La Chambre
Philippe Bonilo
Tu es plus désirable que jamais, tout éclairée de l’intérieur.
Sommes-nous d’après toi en train de faire l’amour ?
En bavardant de la sorte ?
Oui.
Oui.
Alors pourquoi tu te tais ?
Je pense à toi.
Ne me pense pas, regarde-moi, prends-moi comme je suis, quand tu penses à moi, j’ai comme une absence, je crois que tu m’ignores.
Jamais je n’ai vu personne avant toi.
Pas même ton visage dans la glace.
Pas même.
Cette conversation entre deux amants, c’est le moment de l’amour.
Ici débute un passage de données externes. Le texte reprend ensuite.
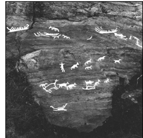
Bild 5. Boskap på Hemstahällen.

Omkring 200 meter norr om Hemstaristningen finns det också ett bronsåldersgravfält och ett boplatsområde med skärvtenshögar – skräphögar från bronsåldern.

Celui terrible et bouleversant où vous êtes maîtres d’un royaume qui se dérobe au moment où vous croyez l’habiter. Tous les amoureux s’y reconnaîtront.
Rien ici ne doit être laissé dans l’ombre : la toute jeune femme entend faire la lumière sur son bonheur présent pour savoir s’il va durer toujours ; elle convoque l’avenir, le passé, s’invente des vies, des trahisons, envisage le pire et s’abandonne confiante. Lui a vécu davantage ; il croit savoir deux choses qu’elle ignore et redoute tout à la fois : tout amour a une fin et tout amour ne peut que s’ajouter à la liste des précédents. Il croit savoir mais reste émerveillé.
L’inquiétude qui émane de ce texte puissamment charnel, c’est celle de la vie ramenée à l’essentiel, une expression intense du désir et un désir de permanence hors de toute contingence morale ou sociale.
À travers cet échange entre deux amants, il ne faut pas s’y tromper, c’est l’amour qui se fait entendre, l’amour qui parle de lui-même à la première personne comme il l’a toujours fait.